[Material shown — start]

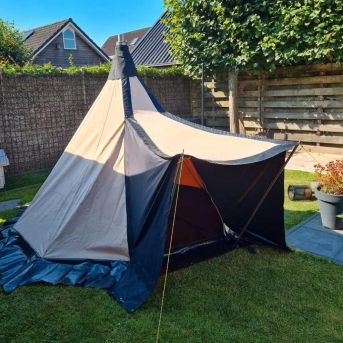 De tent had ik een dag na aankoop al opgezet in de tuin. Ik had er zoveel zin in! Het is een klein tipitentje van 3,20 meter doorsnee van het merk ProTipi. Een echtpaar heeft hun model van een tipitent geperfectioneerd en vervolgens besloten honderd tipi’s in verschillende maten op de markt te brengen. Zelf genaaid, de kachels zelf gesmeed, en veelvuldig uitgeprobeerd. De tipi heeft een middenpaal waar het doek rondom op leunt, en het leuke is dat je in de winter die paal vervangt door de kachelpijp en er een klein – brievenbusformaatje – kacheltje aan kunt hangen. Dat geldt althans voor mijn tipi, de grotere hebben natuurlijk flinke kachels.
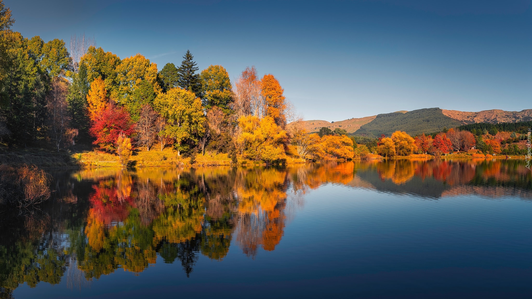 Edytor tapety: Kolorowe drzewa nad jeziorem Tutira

[Material shown — finish]
[Material shown — start]

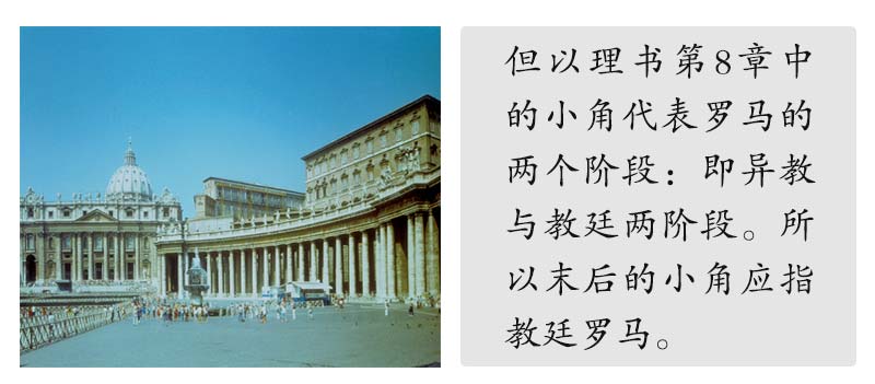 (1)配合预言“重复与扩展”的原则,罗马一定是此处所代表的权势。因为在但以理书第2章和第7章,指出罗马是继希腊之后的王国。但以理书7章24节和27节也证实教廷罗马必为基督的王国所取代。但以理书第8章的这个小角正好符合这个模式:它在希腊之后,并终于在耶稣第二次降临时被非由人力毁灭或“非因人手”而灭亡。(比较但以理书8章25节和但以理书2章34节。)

[Material shown — finish]
[Material shown — start]

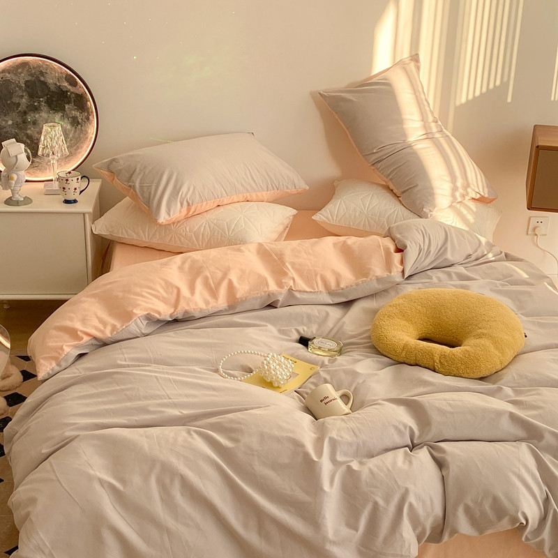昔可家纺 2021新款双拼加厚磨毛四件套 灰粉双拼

[Material shown — finish]

With pictures omitted, repeat the entries above word for word from the line holding "De tent had" down to the line holding "Edytor tapety: Kolorowe", keeping both of those lines.

# Your response
 De tent had ik een dag na aankoop al opgezet in de tuin. Ik had er zoveel zin in! Het is een klein tipitentje van 3,20 meter doorsnee van het merk ProTipi. Een echtpaar heeft hun model van een tipitent geperfectioneerd en vervolgens besloten honderd tipi’s in verschillende maten op de markt te brengen. Zelf genaaid, de kachels zelf gesmeed, en veelvuldig uitgeprobeerd. De tipi heeft een middenpaal waar het doek rondom op leunt, en het leuke is dat je in de winter die paal vervangt door de kachelpijp en er een klein – brievenbusformaatje – kacheltje aan kunt hangen. Dat geldt althans voor mijn tipi, de grotere hebben natuurlijk flinke kachels.
 Edytor tapety: Kolorowe drzewa nad jeziorem Tutira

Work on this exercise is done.